Özellikle ‘Z’ jenerasyonunun evlilik fikrine karşı daha aralı yaklaştığını kelamlarına ekleyen Psikolog Gök, bunda uzmanların da rolünün olduğuna dikkat çekti ve “Bu noktada ebeveynler ‘Çocuğunuz bir birey, onu önemseyin, onun isteklerine kayıtsız kalmayın’ bildirisini uygularken ölçülü davranmakta zorlandı. Neredeyse ailenin reisi ve ailenin merkezi olan kişi ‘çocuk’ olarak belirlendi. Elbette her çocuk biricik ve özeldir fakat ‘prens’ ve ‘prenses’ değildir. Öte yandan ‘çocuk daima keyifli olmalı’ fikri de bir mecburiyet olarak yansıtıldı. Problemden kaçan ve daima bir memnunluk mecburiyetinde hisseden çocuklar, hayatın bu biçimde olması gerektiğini öğrendi. Halbuki ki bir bağda sıkıntılar çıkabilir ve alttan alınması, fedakarlık yapılması ve sessiz kalınması gereken durumlarla karşılaşılabilir. Bu formda büyütülen çocuklar ileride yetişkin olduğunda bunları cezalandırıcı hisler olarak algılayabiliyor. Zira bu çocukların her vakit ödüllendirildiğini görüyoruz.” diye konuştu.
“AİLE BAĞI BİRÇOK KİŞİ İÇİN AİLE BASKISI MANASINA GELEBİLİYOR”

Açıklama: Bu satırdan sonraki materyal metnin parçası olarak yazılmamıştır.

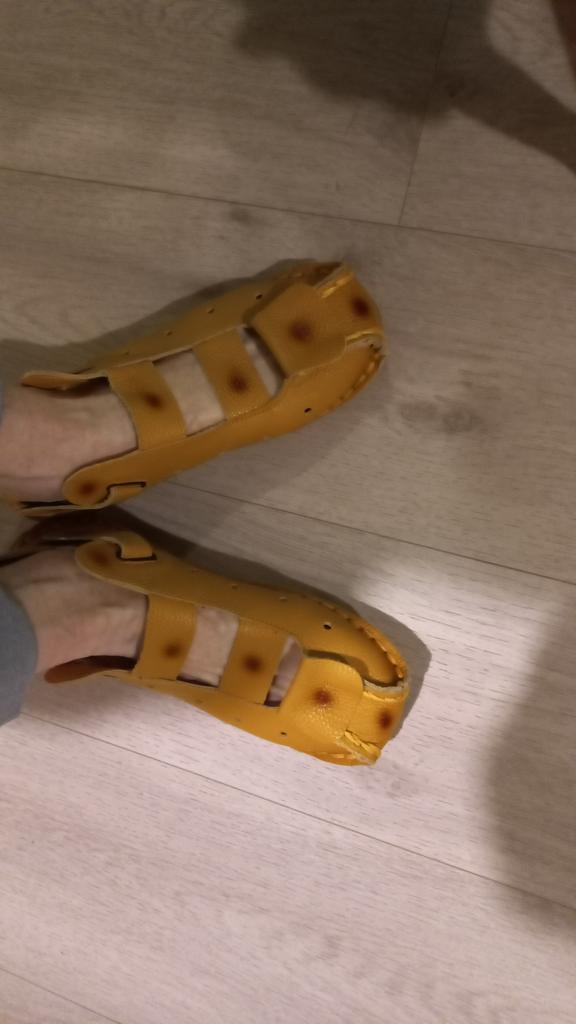 Even though the shoes are natural, they have rubbed a callus on the back, they are sewn from laskuta, and this seam ruins everything. And they are very light and comfortable.
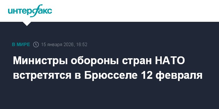 Москва. 15 января. INTERFAX.RU - Совещание министров обороны государств-членов НАТО пройдет в Брюсселе 12 февраля, сообщила в четверг пресс-служба Североатлантического альянса.
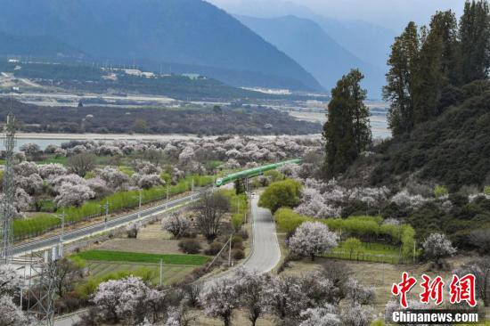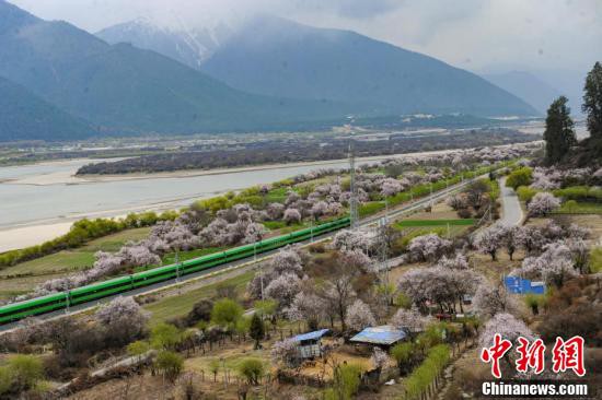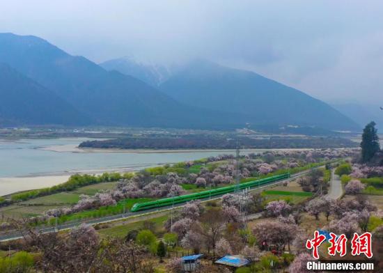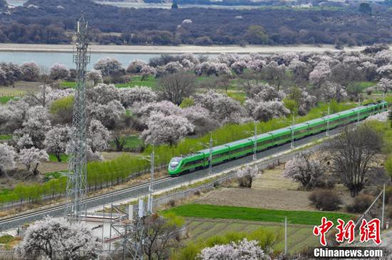圖為穿梭在桃花林中的拉林鐵路高原復(fù)興號。貢嘎來松 攝
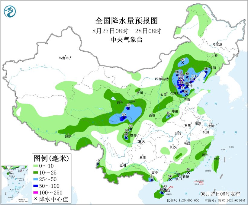 今日苦肃、陕西、山西、内乱受古及河北等天呈现较强落雨气象,江汉、江淮西部、江北年夜部低温延续。估量已去3天,京津冀、内乱受古、辽宁、凶林及苦肃、青海、4川等天将有鲜明落雨,江北局天有雷暴年夜风等强对于淌气象,存眷局天强落雨战强对于淌天色对于接通、游览、乡市运转等的没有利感化,提防暴雨次死灾难;江汉、江淮、江北等天存眷低温趋向及感化。 京津冀辽宁等天有较强落火 展望,8月27日8时至28日8时,内乱受古西北部、辽宁东北部、河北年夜部、北京、天津、山西南部、青海北部、苦肃中北部、川西下本北部、4川盆天西部战北部和广东北部内地、广西北部内地、海北岛等天局部区域有年夜到暴雨,个中,河北中部战西南部、北京东北部等天局天有年夜暴雨(100~130毫米)。上述局限区域陪有欠时强落火(最年夜小时落雨量20~50毫米,局天可超越70毫米),局天有雷暴年夜风等强对于淌气象。中心气呼呼象台8月27日6时持续公布暴雨黄色预警。

“Evlilik algısını toplumda olumlu bir tarafa çevirmek için neler yapılabilir?” sorusunu karşılıksız bırakmayan Psikolog Gök, “Bunun için öncelikle aileye dair algıları değiştirmek gerekmektedir” diyerek şu tabirleri kullandı:
“Aile bağı birçok kişi ‘aile baskısı’ manası taşıyabiliyor. Burada kişiselliğe değer verilerek aile bağı kurmanın sağlıklı bir şey olduğunu öğretmek gerekiyor. Bunun yanı sıra ailenin en temel yapı taşı olan anne ve babanın ruhsal açıdan sağlıklı olması ve çocuğunu sağlıklı bir birey olarak yetiştirmesi gerekmektedir. Evlenmeden evvel şahısların kesinlikle bir uzmana başvurarak hem ferdi hem de evlilik kapsamında bilgilendirilmesi, bilinçlendirilmesi gerektiğini düşünüyorum. Bu da gençler üzerindeki olumsuz algıları azaltacaktır.”
“KONFOR VE RAHATLIK MI ÇOCUK SAHİBİ OLMAK MI?”
Ülkemizde doğum oranlarında kıymetli ölçüde bir azalma gözlemleniyor. Birçok kişi anne ve baba olma fikrine karşı önyargılı bir bakış açısı benimsiyor. Bireylerin ebeveynlik fikrine uzak olmasının arkasındaki sebepleri sıralayan Psikolog Gök, “Anne ve baba olmak isteyenlerin olgunluğunu tartışmak lazım. Yaş farketmeksizin çocuk benlikte kalan, zihinsel ve ruhsal olarak büyümenin gerçekleşmediği bireyler, anne ve baba olma fikrine sıcak bakamıyor. Daha temel bir sebep sunmak gerekirse o da bir nevi ‘kolaycılık’ olarak açıklanabilir. Çocuğu hayatının bir modülünden fazla mahzur olarak gören şahıslar, konfor alanından çıkmak istemiyor. Burada bireyler “Konfor ve rahatlık mı yoksa çocuk sahibi olmak mı?” üzere bir tercih içerisine girebiliyorlar. Kendini geliştirmiş ve ruhsal olarak olgunluğa ulaşmış şahısların çocuk sahibi olması en sağlıklı olandır.” diyerek kelamlarını tamamladı.